Search code examples
pythonstringperformancepandaspython-internals

Converting a series of ints to strings - Why is apply much faster than astype?


I have a pandas.Series containing integers, but I need to convert these to strings for some downstream tools. So suppose I had a Series object:

import numpy as np
import pandas as pd

x = pd.Series(np.random.randint(0, 100, 1000000))

On StackOverflow and other websites, I've seen most people argue that the best way to do this is:

%% timeit
x = x.astype(str)

This takes about 2 seconds.

When I use x = x.apply(str), it only takes 0.2 seconds.

Why is x.astype(str) so slow? Should the recommended way be x.apply(str)?

I'm mainly interested in python 3's behavior for this.


Solution

  • Performance

    It's worth looking at actual performance before beginning any investigation since, contrary to popular opinion, list(map(str, x)) appears to be slower than x.apply(str).

    import pandas as pd, numpy as np
    
    ### Versions: Pandas 0.20.3, Numpy 1.13.1, Python 3.6.2 ###
    
    x = pd.Series(np.random.randint(0, 100, 100000))
    
    %timeit x.apply(str)          # 42ms   (1)
    %timeit x.map(str)            # 42ms   (2)
    %timeit x.astype(str)         # 559ms  (3)
    %timeit [str(i) for i in x]   # 566ms  (4)
    %timeit list(map(str, x))     # 536ms  (5)
    %timeit x.values.astype(str)  # 25ms   (6)
    

    Points worth noting:

    1. (5) is marginally quicker than (3) / (4), which we expect as more work is moved into C [assuming no lambda function is used].
    2. (6) is by far the fastest.
    3. (1) / (2) are similar.
    4. (3) / (4) are similar.

    Why is x.map / x.apply fast?

    This appears to be because it uses fast compiled Cython code:

    cpdef ndarray[object] astype_str(ndarray arr):
        cdef:
            Py_ssize_t i, n = arr.size
            ndarray[object] result = np.empty(n, dtype=object)
    
        for i in range(n):
            # we can use the unsafe version because we know `result` is mutable
            # since it was created from `np.empty`
            util.set_value_at_unsafe(result, i, str(arr[i]))
    
        return result
    

    Why is x.astype(str) slow?

    Pandas applies str to each item in the series, not using the above Cython.
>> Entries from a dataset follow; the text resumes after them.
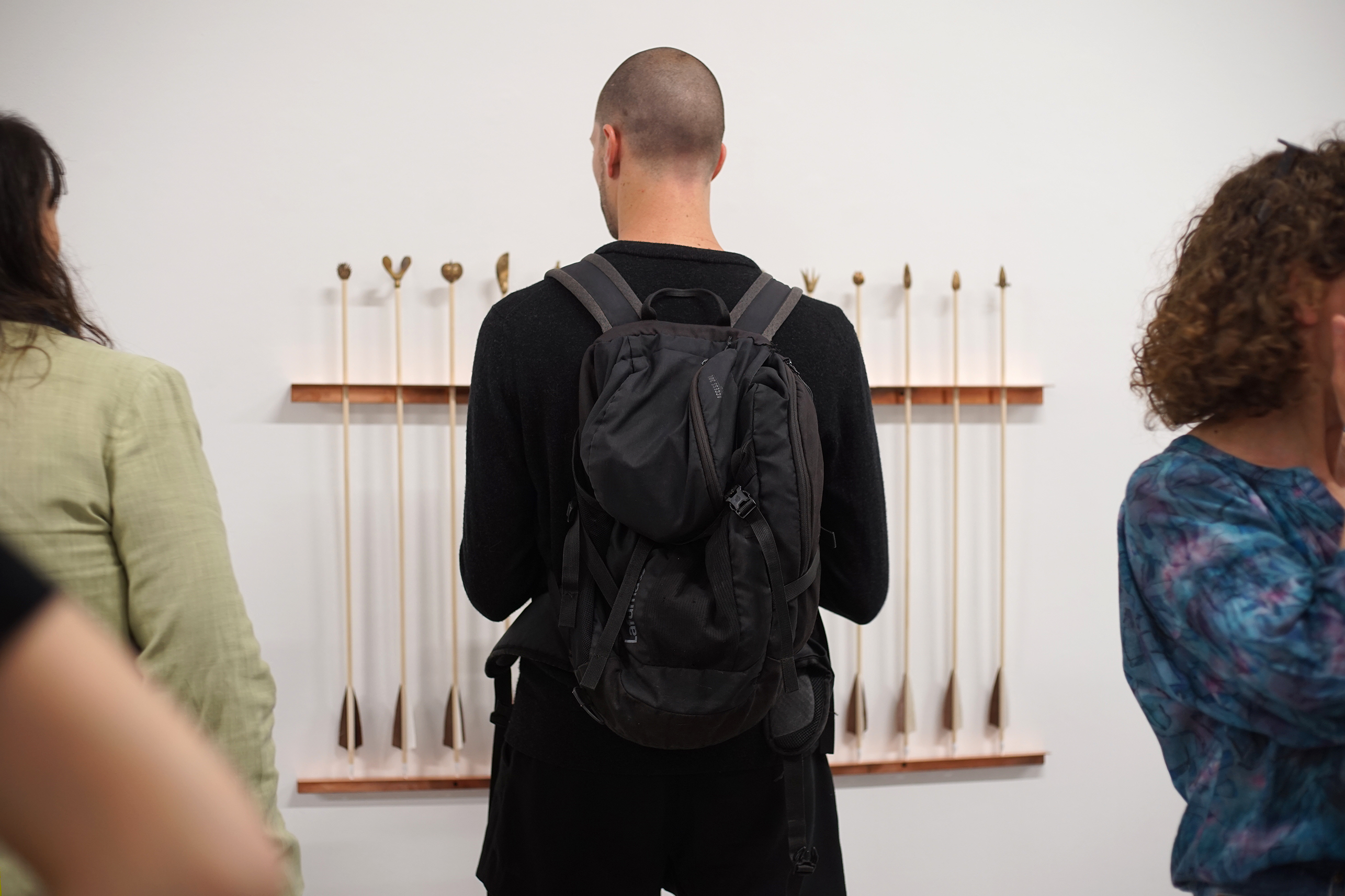Performance pour 14 pointes en bronze montées sur tube de bois, plumes d’oie,76x5cm chaque.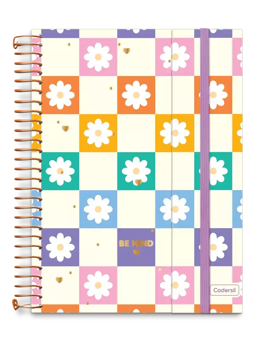 Caderno Colegial Espiralado – Criativo Capa Dura Com Aba e Elástico – 80 folhas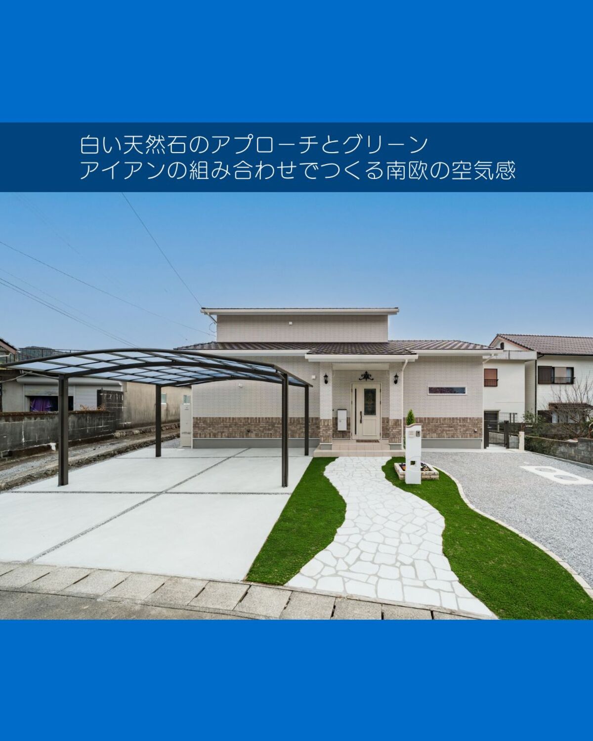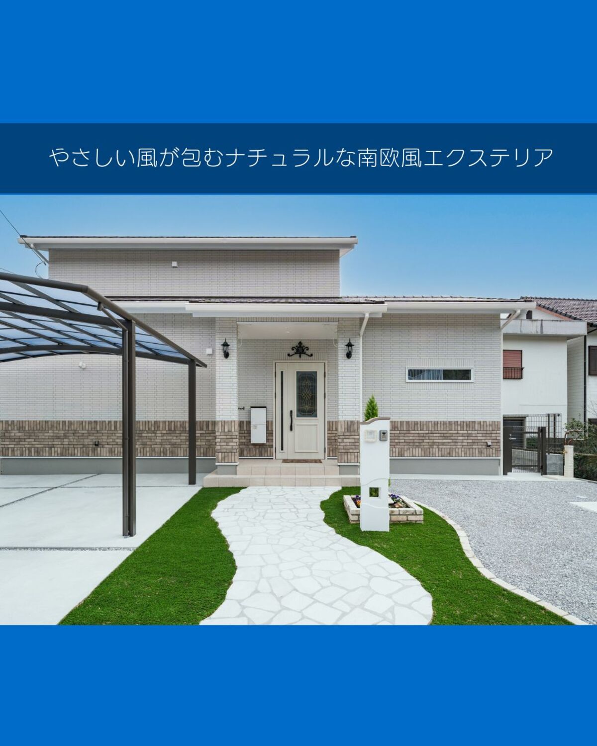 南欧風外構や白を基調としたエクステリア、天然石アプローチ・人工芝を取り入れたデザインをご検討中の方におすすめの施工例です。

    Hence performance is comparable to [str(i) for i in x] / list(map(str, x)).

    Why is x.values.astype(str) so fast?

    Numpy does not apply a function on each element of the array. One description of this I found:

    If you did s.values.astype(str) what you get back is an object holding int. This is numpy doing the conversion, whereas pandas iterates over each item and calls str(item) on it. So if you do s.astype(str) you have an object holding str.

    There is a technical reason why the numpy version hasn't been implemented in the case of no-nulls.